#### [Exercise data]
((

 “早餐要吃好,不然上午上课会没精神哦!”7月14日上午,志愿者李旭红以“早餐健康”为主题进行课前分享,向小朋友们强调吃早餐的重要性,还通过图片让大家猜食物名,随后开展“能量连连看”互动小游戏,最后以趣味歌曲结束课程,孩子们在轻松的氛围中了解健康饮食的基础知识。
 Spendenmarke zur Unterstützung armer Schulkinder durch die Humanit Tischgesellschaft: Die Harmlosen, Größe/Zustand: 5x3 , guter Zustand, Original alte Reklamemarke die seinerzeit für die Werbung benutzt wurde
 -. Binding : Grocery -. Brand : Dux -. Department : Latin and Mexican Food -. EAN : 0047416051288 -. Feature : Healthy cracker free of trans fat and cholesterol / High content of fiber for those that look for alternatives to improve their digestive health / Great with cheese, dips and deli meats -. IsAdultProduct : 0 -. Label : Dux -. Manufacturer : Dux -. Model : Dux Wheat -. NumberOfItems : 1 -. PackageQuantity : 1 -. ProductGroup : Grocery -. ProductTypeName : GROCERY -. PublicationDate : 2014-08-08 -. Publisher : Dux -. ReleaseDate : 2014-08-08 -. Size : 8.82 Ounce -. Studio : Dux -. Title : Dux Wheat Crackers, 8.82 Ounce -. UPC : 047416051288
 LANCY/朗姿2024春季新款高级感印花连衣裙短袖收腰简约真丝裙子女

))
((

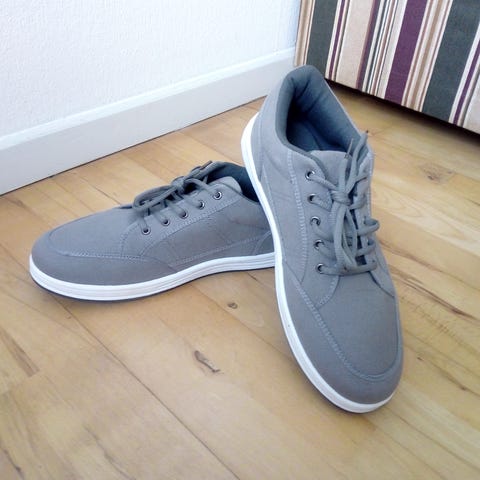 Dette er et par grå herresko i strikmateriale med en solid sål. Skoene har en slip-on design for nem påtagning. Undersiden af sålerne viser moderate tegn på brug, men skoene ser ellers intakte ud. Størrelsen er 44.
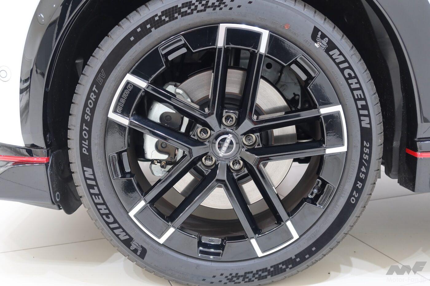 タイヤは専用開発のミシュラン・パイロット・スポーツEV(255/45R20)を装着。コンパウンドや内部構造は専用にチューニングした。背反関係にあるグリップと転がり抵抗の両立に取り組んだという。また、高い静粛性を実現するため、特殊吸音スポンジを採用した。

))
((

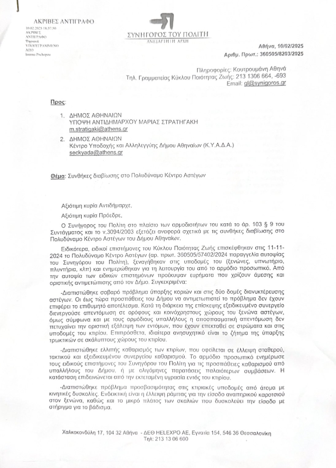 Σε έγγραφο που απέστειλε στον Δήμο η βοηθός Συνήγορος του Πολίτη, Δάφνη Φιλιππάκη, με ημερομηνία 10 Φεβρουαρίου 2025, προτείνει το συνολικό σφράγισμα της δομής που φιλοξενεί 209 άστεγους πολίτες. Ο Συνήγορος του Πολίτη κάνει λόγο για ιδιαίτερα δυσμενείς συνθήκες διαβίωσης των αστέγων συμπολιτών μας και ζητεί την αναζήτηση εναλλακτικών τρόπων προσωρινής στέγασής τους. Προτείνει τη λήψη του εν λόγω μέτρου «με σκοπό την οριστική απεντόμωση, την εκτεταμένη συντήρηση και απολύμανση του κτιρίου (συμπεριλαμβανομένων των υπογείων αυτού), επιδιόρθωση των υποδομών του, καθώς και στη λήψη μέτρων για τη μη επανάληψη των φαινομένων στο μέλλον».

))

Repeat, character for character, the lines of the material above from the line with "-. Binding : Grocery" through the line with "LANCY/朗姿2024春季新款高级感印花连衣裙短袖收腰简约真丝裙子女".

#### [Result of this exercise]
 -. Binding : Grocery -. Brand : Dux -. Department : Latin and Mexican Food -. EAN : 0047416051288 -. Feature : Healthy cracker free of trans fat and cholesterol / High content of fiber for those that look for alternatives to improve their digestive health / Great with cheese, dips and deli meats -. IsAdultProduct : 0 -. Label : Dux -. Manufacturer : Dux -. Model : Dux Wheat -. NumberOfItems : 1 -. PackageQuantity : 1 -. ProductGroup : Grocery -. ProductTypeName : GROCERY -. PublicationDate : 2014-08-08 -. Publisher : Dux -. ReleaseDate : 2014-08-08 -. Size : 8.82 Ounce -. Studio : Dux -. Title : Dux Wheat Crackers, 8.82 Ounce -. UPC : 047416051288
 LANCY/朗姿2024春季新款高级感印花连衣裙短袖收腰简约真丝裙子女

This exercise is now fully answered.